A abstenção tem a culpa
Não sabemos. Há muitos movimentos nacionalistas e populistas a crescer porque motivaram pessoas que se costumavam abster a ir votar. Bolsonaro foi eleito com 20% apenas de abstenção. Sim, sei que o voto é “obrigatório” no Brasil, mas há outros casos em que baixa abstenção equivaleu a crescimento de extrema-direita ou esquerda. Mais uma vez, se quem se abstém é politicamente ignorante, então mais vale não ir votar.
O voto devia ser obrigatório
Este pensamento é um bocadinho antidemocrático. A democracia pressupõe o direito a não votar e o direito, até, a não concordar com ela. Por exemplo, eu sou a favor da ditadura se for eu o ditador. Colocar o voto obrigatório é incentivar a votar por votar só para não perder regalias ou não sofrer consequências. No Brasil o voto é, em certa medida, obrigatório e não é por aí que têm sido feitas boas escolhas nas urnas, como escrevi no ponto anterior.
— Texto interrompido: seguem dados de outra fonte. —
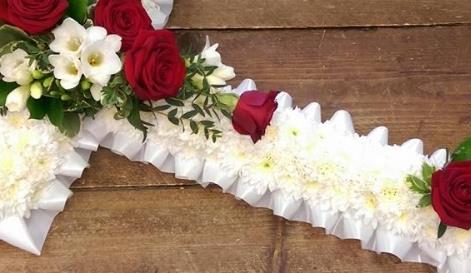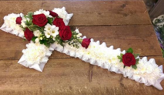 This classic cross is covered with a mass of white Spray Chrysanthemums.
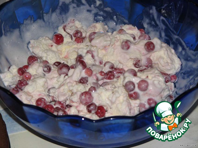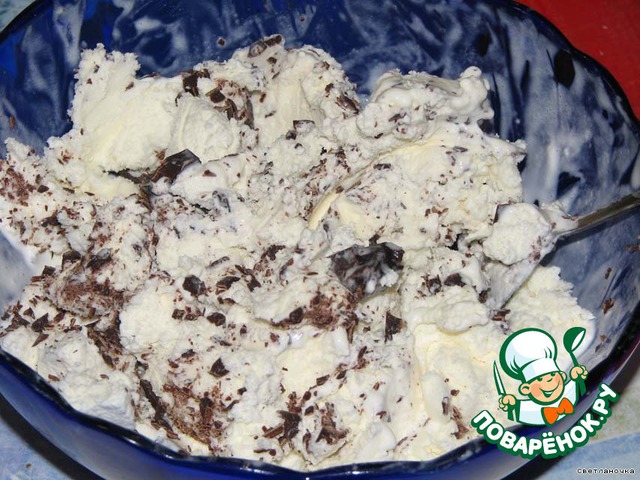 Дать мороженому немного оттаять, после чего быстро и тщательно перемешать с начинкой. В нашей семье все вкусы разные, поэтому я готовила 3 начинки: мороженое с шоколадной крошкой, -
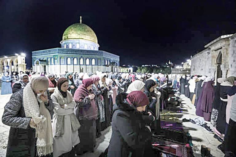 یروشلم : غاصب اسرائیل کی پابندیاں بھی فلسطینی مسلمانوں کا جذبہ ایمانی گھٹا نہ سکیں اور ہزاوں فلسطینیوں نے مسجد الاقصیٰ میں نماز تراویح ادا کی۔غاصب صیہونی ریاست اسرائیل کی
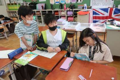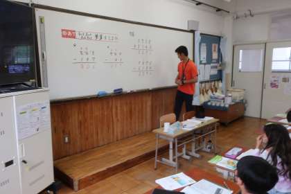 算数科「たし算とひき算の筆算」の学習も最終です。今日は、自分で作ったオリジナル問題の出題バトル!教科書に載っている『4桁+4桁』の桁数をこえる問題も多数出題!グループで問題を出し合い、みんな果敢にチャレンジしていました。
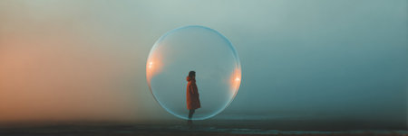 A person stands alone in a foggy environment, encased in a transparent bubble that creates a sense of safety and isolation from the surrounding haze.
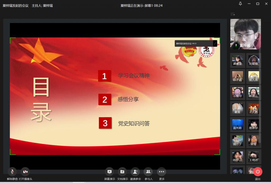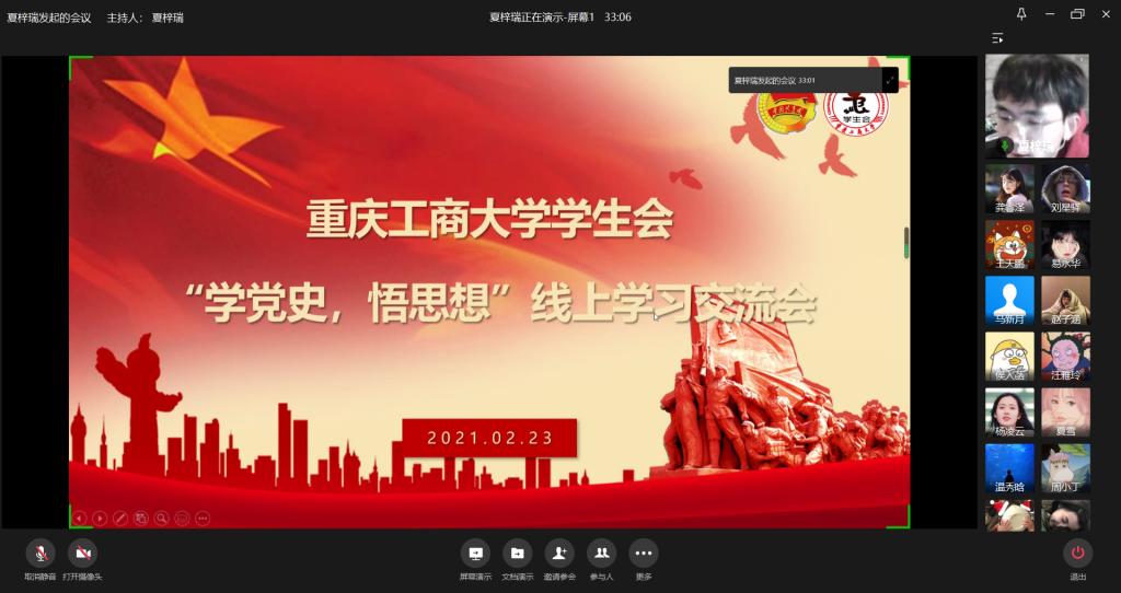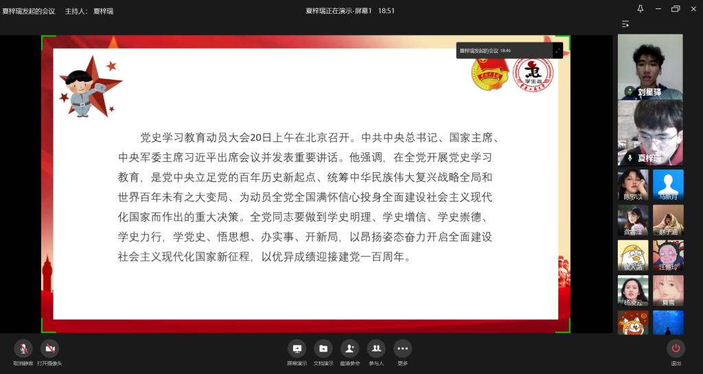 为学习习近平总书记在党史学习教育动员大会上的重要讲话,365官网学生会于2月23日通过企业微信平台开展“学党史,悟思想”线上学习交流会。本次线上主题学习交流会由校学生会主席团成员夏梓瑞主持,20余名学生会成员线上共同参与。
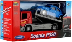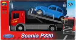 Betreed de wereld van plezier met het model van de Welly Scania P320 sleepwagen en bijgevoegd voertuig, ideaal voor kleine autoliefhebbers.

Se não votas não te podes queixar
Não faz sentido. Imaginem alguém que sempre votou, mas que não conseguiu ir devido a um imprevisto. Não se pode queixar durante o mandato? Só se pode queixar depois das próximas eleições? Parece-me estranho. E alguém que iria votar branco ou nulo, mas que preferiu abster-se? Não se pode queixar, sabendo que o resultado eleitoral seria exactamente o mesmo caso tivesse ido votar? Estranho, também. Votar é ir a um restaurante com um grupo de desconhecidos e cada um pedir um prato; o prato mais votado é servido. Podes pedir sardinha e ter de comer bifana. Ora, quem iria votar sardinha, mas já sabe que as bifanas vão ganhar – porque ganham sempre –, pode ficar em casa e esperar que o Uber Eats venha entregar. Tem de comer o que os outros escolheram, tal como quem foi votar sardinha. Logo, podem todos queixar-se, menos os que escolheram bifana, especialmente se já a tinham comido em jantaradas passadas.
Se a abstenção fosse um partido ou um grupo de pessoas com os mesmos interesses, então, sim, não se poderiam queixar. No entanto, a abstenção é composta por acontecimentos separados e mutuamente exclusivos, muitos que se estão a borrifar – a maioria –, outros que o fazem em protesto e, cada um deles, como indivíduo, pode e deve queixar-se, pois há formas muito mais eficazes de protesto do que votar. Por exemplo, posso, até, queixar-me que o lodo onde a política se movimenta me tem tirado a vontade de ir votar.
A abstenção não é o problema, a abstenção é o resultado que passou a ser um problema
Como disse, não sou a pró-abstenção, acho que todos deveriam votar, mas faz-me comichão ver políticos a falar da abstenção sem fazerem nada para a mudar. Faz-me confusão enfiarem todos os que se abstêm no mesmo saco e usarem-nos como bode expiatório. Parecem uma namorada que trai o marido e depois o acusa de estar ausente, tentando desviar a atenção do cerne da questão que é o facto de todos já termos sido enganados por falsas promessas de políticos.